The predictive value of arterial stiffness on major adverse cardiovascular events in individuals with mildly impaired renal function

, , , , , , , & show all
Pages 1175-1181 | Published online: 29 Aug 2016
 

Abstract

Objectives

Despite growing evidence that arterial stiffness has important predictive value for cardiovascular disease in patients with advanced stages of chronic kidney disease, the predictive significance of arterial stiffness in individuals with mildly impaired renal function has not been established.
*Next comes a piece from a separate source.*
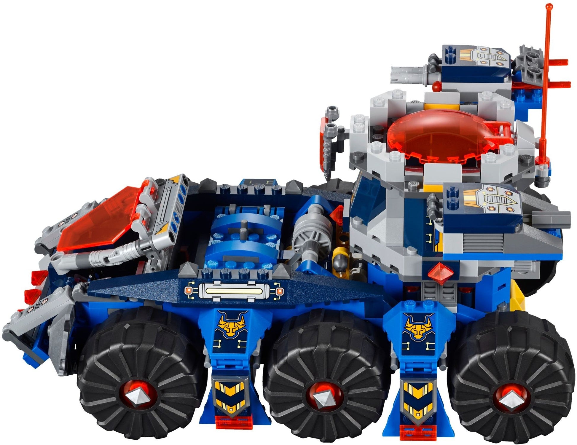 • Axl's Tower Carrier features a rotating, detachable gun turret with wheels plus dual spring-loaded shooters and a disc shooter, a storage vault for the Book of Fear, a hidden catapult, a control room, plus 2 cockpits for Axl and an Axl Bot, and 4 concealed side storage areas for the Axl Bot weapons and tools.

The aim of this study was to evaluate the predictive value of arterial stiffness on cardiovascular disease in this specific population.

Materials and methods

We analyzed measurements of arterial stiffness (carotid–femoral pulse-wave velocity [cf-PWV]) and the incidence of major adverse cardiovascular events (MACEs) in 1,499 subjects from a 4.8-year longitudinal study.

Results

A multivariate Cox proportional-hazard regression analysis showed that in individuals with normal renal function (estimated glomerular filtration rate [eGFR] ≥90 mL/min/1.73 m2), the baseline cf-PWV was not associated with occurrence of MACEs (hazard ratio 1.398, 95% confidence interval 0.748–2.613; P=0.293). In individuals with mildly impaired renal function (eGFR <90 mL/min/1.73 m2), a higher baseline cf-PWV level was associated with a higher risk of MACEs (hazard ratio 2.334, 95% confidence interval 1.082–5.036; P=0.031).

Conclusion

Arterial stiffness is a moderate and independent predictive factor for MACEs in individuals with mildly impaired renal function (eGFR <90 mL/min/1.73 m2).

Acknowledgments

We thank our colleagues in the Department of Laboratory Medicine at PLA General Hospital for help with biochemical measurements. We are also grateful to all study participants for their involvement in the study. This research was supported by a grant from the Key National Basic Research Program of China (2012CB517503, 2013CB530804) and the Key Science and Technology Foundation of China (2012ZX09303004-002) to PY.

Disclosure

The authors report no conflicts of interest in this work.